--- Dataset content Enclosed Below ---

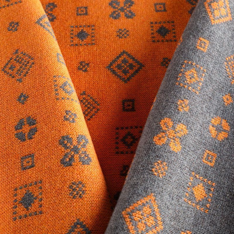 Трикотаж 2-х сторонний вязаный 056-05819 серо-оранжевый в Казани
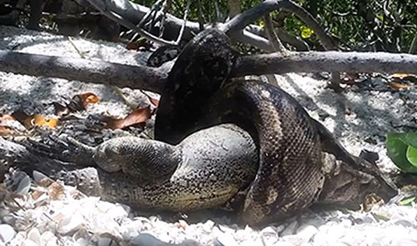 أظهرت لقطات فيديو محاولات ثعبان، يبلغ طوله حوالي 4 أمتار، ابتلاع سحلية ضخمة دفعة واحدة.
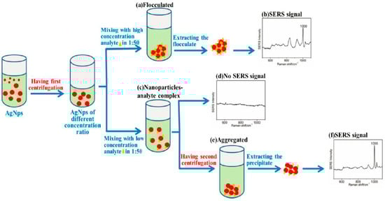 Diagram of the detection process of phenformin hydrochloride by the SERS-based two-step centrifugation method. (a) The concentrated AgNPs were flocculated when high concentration phenformin hydrochloride was added. (b) Characteristic peak of the phenformin hydrochloride were detected at 1000 cm−1. (c) The concentrated AgNPs were unflocculated, and an analyte-AgNPs complex was formed when a low concentration analyte was added. (d) No characteristic peak of the phenformin hydrochloride was detected. (e) An aggregated analyte-AgNPs complex and the interparticle gap decreased after the second centrifugation. (f) Characteristic peak of the phenformin hydrochloride were obvious at 1000 cm−1 (Chen et al. [106]).

--- End of Enclosed Dataset content ---

Would you please output only the lines from the start of the material above up to and including the line with "أظهرت لقطات فيديو", exactly as they appear and without pictures?

#### Solution to this exercise:
 Трикотаж 2-х сторонний вязаный 056-05819 серо-оранжевый в Казани
 أظهرت لقطات فيديو محاولات ثعبان، يبلغ طوله حوالي 4 أمتار، ابتلاع سحلية ضخمة دفعة واحدة.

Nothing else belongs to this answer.